(Beginning of INPUT DATA)

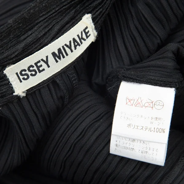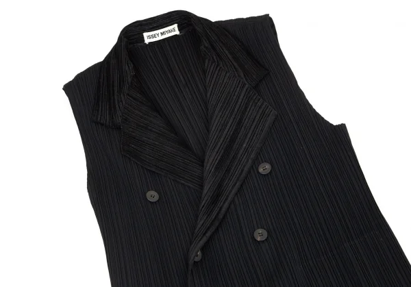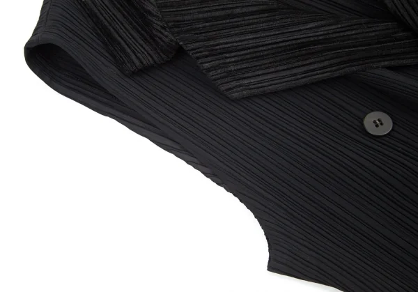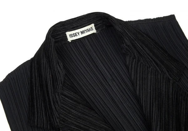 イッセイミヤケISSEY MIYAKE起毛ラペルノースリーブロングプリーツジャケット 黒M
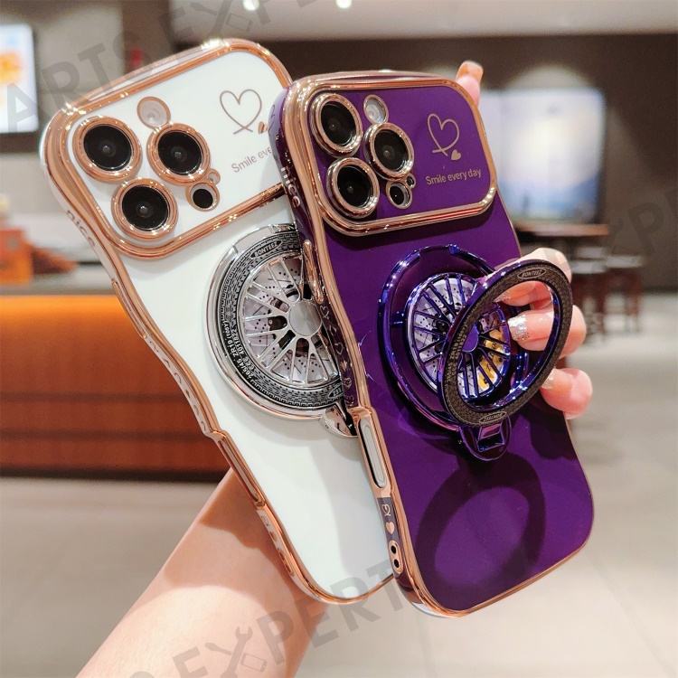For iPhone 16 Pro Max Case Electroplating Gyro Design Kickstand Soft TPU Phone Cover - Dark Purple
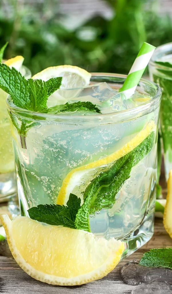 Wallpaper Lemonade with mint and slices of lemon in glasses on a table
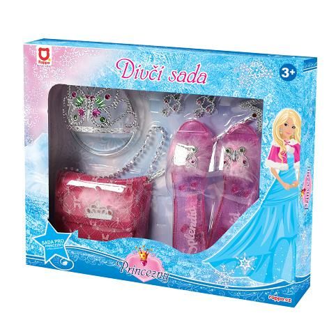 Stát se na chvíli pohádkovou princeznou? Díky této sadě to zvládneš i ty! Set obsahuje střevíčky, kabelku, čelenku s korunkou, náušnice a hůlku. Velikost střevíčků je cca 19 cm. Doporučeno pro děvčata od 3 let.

(End of INPUT DATA)

*ACTIVITY:* Transcribe only these lines, exactly: the first line of the listing, every line after it, and the line with "Wallpaper Lemonade with", where the copy ends. Include no picture.

*RESPONSE:*
 イッセイミヤケISSEY MIYAKE起毛ラペルノースリーブロングプリーツジャケット 黒M
For iPhone 16 Pro Max Case Electroplating Gyro Design Kickstand Soft TPU Phone Cover - Dark Purple
 Wallpaper Lemonade with mint and slices of lemon in glasses on a table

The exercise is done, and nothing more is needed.